Balancing Budget: A Good Case for Skepticism
Amid all the bickering in Washington about whose plan would balance the budget and whose would not, it’s worth remembering the lesson of recent congressional history: Even the best-laid plans to balance the budget have gone awry.
Politicians repeatedly have sworn off deficits, passed plans to balance the budget, only to come up years later with bigger and bigger deficits. Budget-balancing dreams have foundered on the political reality that any year’s tough fiscal decisions can be reversed by a future Congress.
And even if there is no deliberate reneging on budget-balancing promises, long-term fiscal plans are always in danger of being thrown off course by unexpected economic developments, such as recessions, war, natural disasters and minor blips in the economy.
Ronald Reagan’s first budget as president in 1981 called for eliminating the deficit by 1984, even as he proposed big defense spending increases and tax cuts. In fact, the deficit rose to $185 billion by 1984.
In 1985, Congress passed a law designed by Sen. Phil Gramm (R-Texas) and then-Sen. Warren B. Rudman (R-N.H.) that was intended to balance the budget by 1990. The Gramm-Rudman law set declining deficit targets for each of five years and called for automatic, across-the-board spending cuts any year that Congress failed to meet the targets.
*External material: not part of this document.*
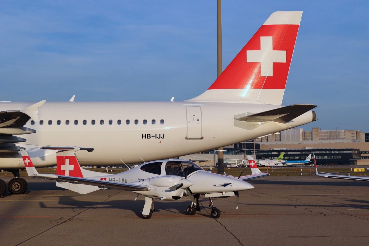 - Die neue DA42-VI HB-LMA mit dem Swiss-Logo vor der Swiss-A320 in Zürich. Foto Hansjörg Bürgi

It didn’t work that way. The law was struck down by the Supreme Court in 1986 and then rewritten. That put off the deadline for balancing the budget until 1993. But the law was riddled with loopholes that politicians happily drove through, critics said, by meeting budget goals with accounting gimmicks rather than fiscal discipline.
The Gramm-Rudman law was repealed as part of yet another budget deal in 1990. That plan envisioned that the budget would be nearly balanced by now. But economic growth did not live up to expectations and a host of other factors intervened so that the budget deficit for the fiscal year that just ended was $164 billion.
Against this backdrop, Republicans on Thursday looked with skepticism upon President Clinton’s suggestion that the White House and Congress include in their budget plans an “enforcement mechanism” that conjured up memories of the Gramm-Rudman law.
“Using this kind of gimmick gives smoke and mirrors a bad name,” said House Budget Chairman John R. Kasich (R-Ohio).
“We’re not doing Gramm-Rudman,” he said in Thursday’s budget talks. “We’ve seen that movie. We don’t want to see the sequel.”